Мы сидели в маленьком круглом скверике, куда нас загнал нестерпимый полуденный зной. Там было гораздо прохладнее, чем на улице, где камни мостовой и плиты тротуаров, пронизанные отвесными лучами июльского солнца, жгли подошву ноги, а стены зданий казались раскаленными. Кроме того, и мелкая горячая пыль не проникала туда сквозь сплошную ограду из густых, старых лип и раскидистых каштанов, похожих с длинными, торчащими кверху розовыми цветами на гигантские царственные люстры. Резвая нарядная детвора наполняла сквер. Подростки играли в серсо и веревочку, гонялись друг за другом или попарно с важным видом ходили, обнявшись, скорыми шагами по дорожкам. Меньшие играли в "краски", в "барыня прислала сто рублей" и в "короля". Наконец самые маленькие копошились на большой куче желтого теплого песка, лепя из него гречишники и куличи. Няньки и бонны, собравшись кучками, судачили про своих господ, а гувернантки сидели на скамеечках, прямые, как палки, углубленные в чтение или работу.

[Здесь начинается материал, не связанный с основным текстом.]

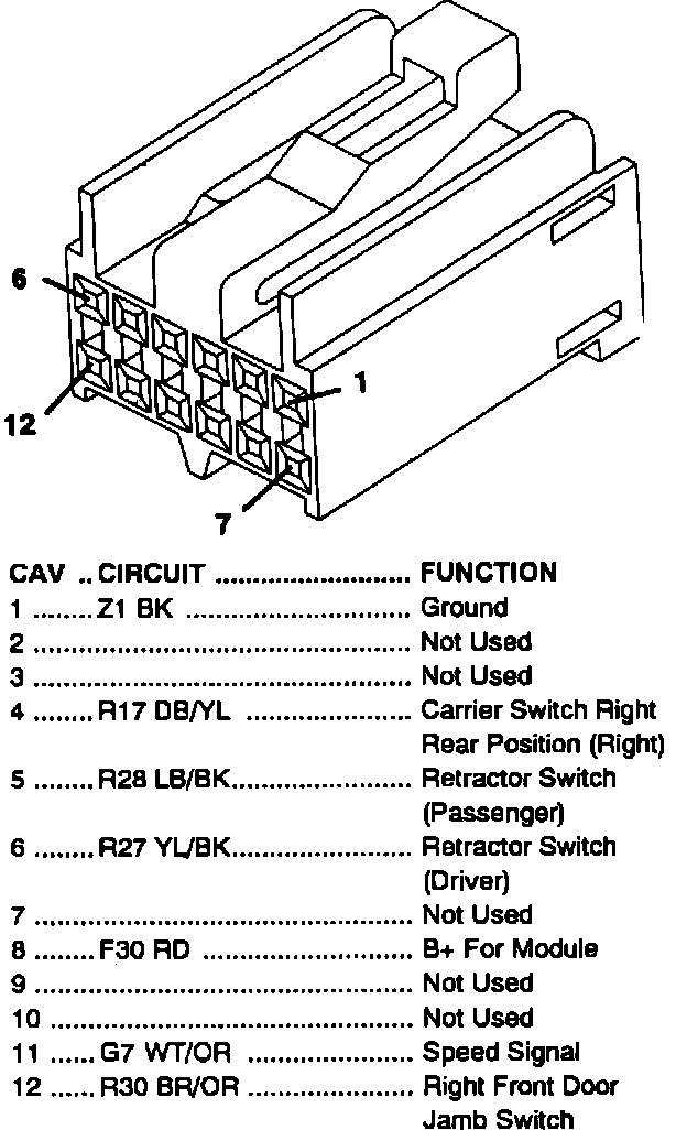 Fig. 75 Passive Restraint Module. Black 12 Way Connector:

Вдруг детвора побросала свои развлечения и стала пристально смотреть по направлению входной калитки. Мы тоже обернулись туда. Рослый бородатый мужик катил перед собою кресло, в котором сидело жалкое, беспомощное существо: мальчик лет восемнадцати - двадцати, с рыхлым, бледным лицом, с отвисшими губами, красными, толстыми и мокрыми, и со взглядом идиота. Бородатый мужик провез кресло мимо нас и скрылся за поворотом дорожки. Я заметил, как тряслась во все стороны огромная остроконечная голова слабоумного и как она при каждом толчке то падала на плечи, то бессильно опускалась вниз.

- Ах, бедный, бедный человек! - произнес тихо мой спутник.

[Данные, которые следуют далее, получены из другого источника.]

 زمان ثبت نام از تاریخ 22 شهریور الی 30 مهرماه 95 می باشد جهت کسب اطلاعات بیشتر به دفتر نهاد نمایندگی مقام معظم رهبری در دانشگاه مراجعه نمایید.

В его словах мне послышалось такое глубокое и такое истинное сочувствие, что я невольно посмотрел на него с изумлением. Я знал Зимина давно: это был добродушный, сильный, мужественный и веселый человек. Он служил в одном из полков, расположенных в нашем городе. Говоря по правде, я не ожидал от него такого неподдельного сострадания к чужому несчастию.

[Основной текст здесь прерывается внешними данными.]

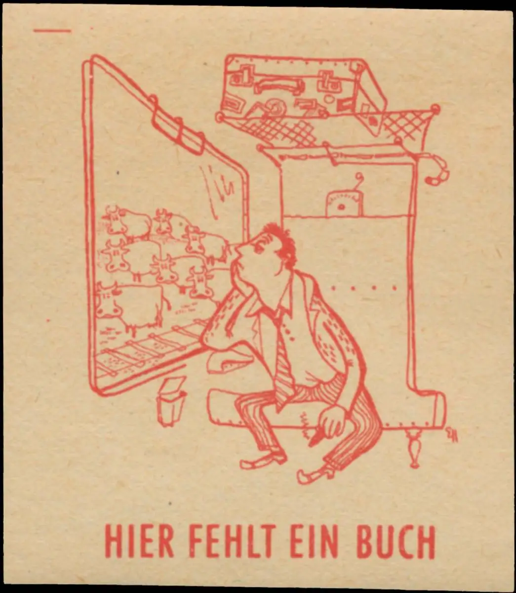 Hier fehlt ein Buch, Buchhandel, Größe/Zustand: 5x4 , guter Zustand, Original alte Reklamemarke die seinerzeit für die Werbung benutzt wurde

- Бедный-то он, конечно, бедный, но какой же он человек? - возразил я, желая вызвать Зимина на разговор.

- Почему же вы отказываете ему в этом? - спросил, в свою очередь, Зимин.

- Ну... как вам сказать? Это же всем ясно... У идиотов ведь нет никаких высших побуждений и свойств, отличающих человека от животного: ни разума, ни речи, ни воли... Собака или кошка обладают этим качеством в гораздо большей степени...

Но Зимин прервал меня.

- Извините, пожалуйста, я, наоборот, глубоко убежден, что идиотам вовсе не чужды человеческие инстинкты. Они у них только затуманены... Живут где-то глубоко под звериными ощущениями... Видите ли... со мной был один случай, после которого, мне кажется, я имею право так говорить. Воспоминание о нем никогда не покидает меня, и каждый раз, когда я вижу такого вот блаженного, я чувствую себя растроганным чуть ли не до слез... Если вы позволите, я расскажу вам, почему идиоты внушают мне такую жалость.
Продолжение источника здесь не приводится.